# RECORDS SUPPLIED
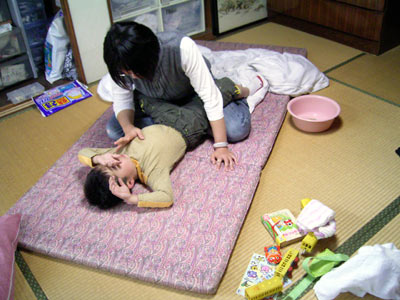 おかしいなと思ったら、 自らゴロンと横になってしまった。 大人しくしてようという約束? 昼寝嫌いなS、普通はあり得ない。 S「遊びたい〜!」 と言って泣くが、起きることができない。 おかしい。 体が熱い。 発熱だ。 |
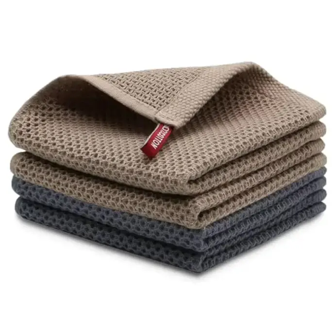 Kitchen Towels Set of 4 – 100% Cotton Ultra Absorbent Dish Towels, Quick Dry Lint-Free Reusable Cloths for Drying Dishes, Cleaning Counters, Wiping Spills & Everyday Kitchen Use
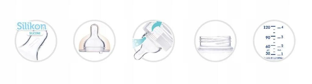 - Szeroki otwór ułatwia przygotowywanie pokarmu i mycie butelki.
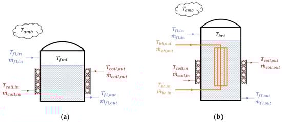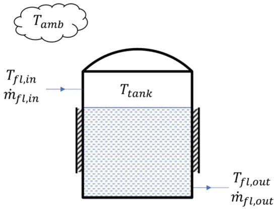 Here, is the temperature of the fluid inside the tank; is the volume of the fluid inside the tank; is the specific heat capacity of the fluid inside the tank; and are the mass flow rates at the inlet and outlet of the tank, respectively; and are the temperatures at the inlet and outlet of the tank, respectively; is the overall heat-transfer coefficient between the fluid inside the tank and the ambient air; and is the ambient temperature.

---

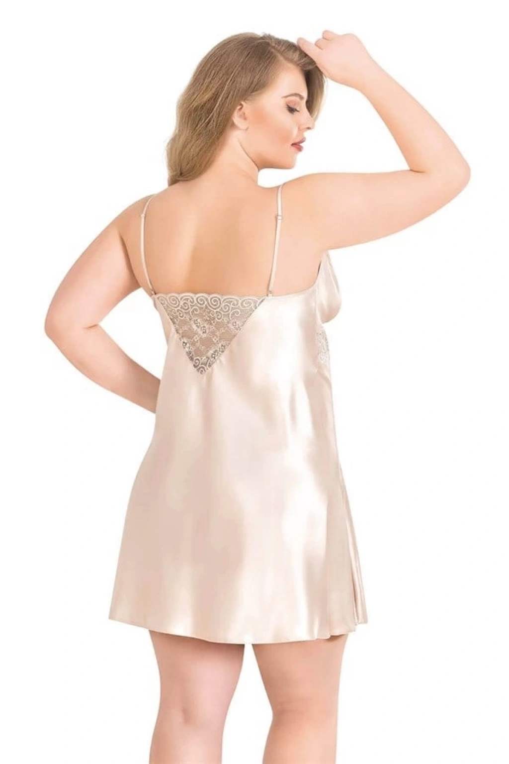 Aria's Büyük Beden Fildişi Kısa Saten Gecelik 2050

...

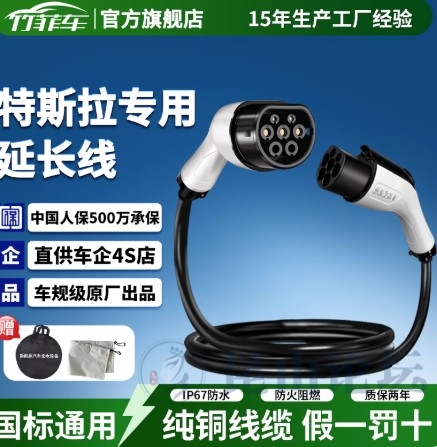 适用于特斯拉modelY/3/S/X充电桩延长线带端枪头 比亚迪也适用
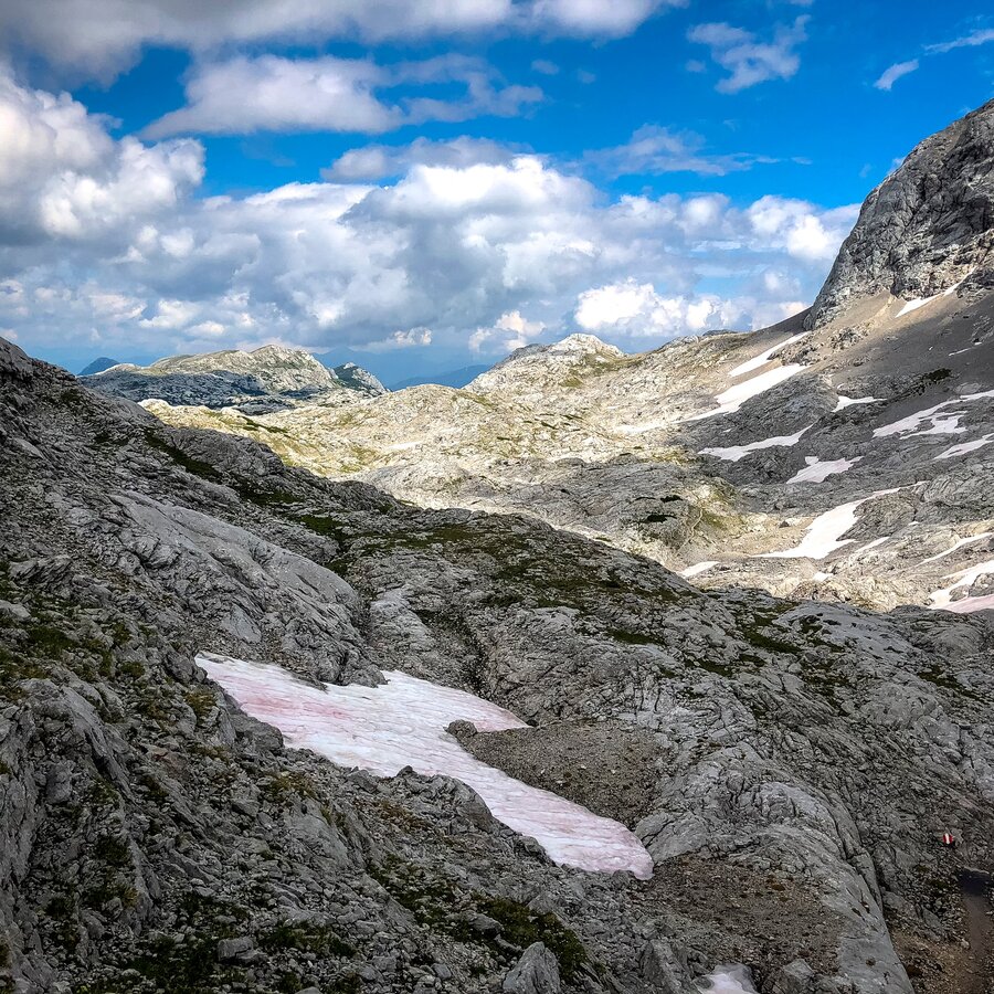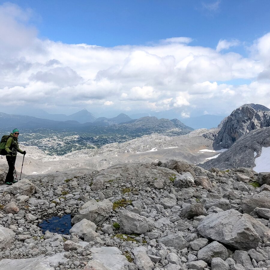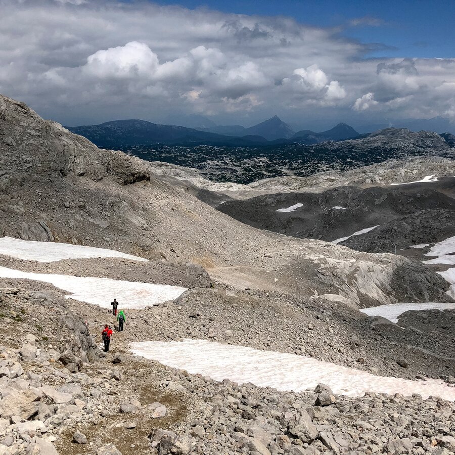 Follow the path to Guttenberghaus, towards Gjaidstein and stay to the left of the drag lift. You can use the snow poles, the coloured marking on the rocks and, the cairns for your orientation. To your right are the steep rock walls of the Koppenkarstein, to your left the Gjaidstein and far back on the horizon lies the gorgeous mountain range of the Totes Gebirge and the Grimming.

# WHAT TO WORK ON
Reproduce the data above exactly, but only the lines from the one showing "おかしいなと思ったら、 自らゴロンと横になってしまった。 大人しくしてようという約束?" through the one showing "- Szeroki otwór", with both ends kept and the pictures left out.

# ANSWER TO THIS PROBLEM
 おかしいなと思ったら、 自らゴロンと横になってしまった。 大人しくしてようという約束? 昼寝嫌いなS、普通はあり得ない。 S「遊びたい〜!」 と言って泣くが、起きることができない。 おかしい。 体が熱い。 発熱だ。 |
 Kitchen Towels Set of 4 – 100% Cotton Ultra Absorbent Dish Towels, Quick Dry Lint-Free Reusable Cloths for Drying Dishes, Cleaning Counters, Wiping Spills & Everyday Kitchen Use
 - Szeroki otwór ułatwia przygotowywanie pokarmu i mycie butelki.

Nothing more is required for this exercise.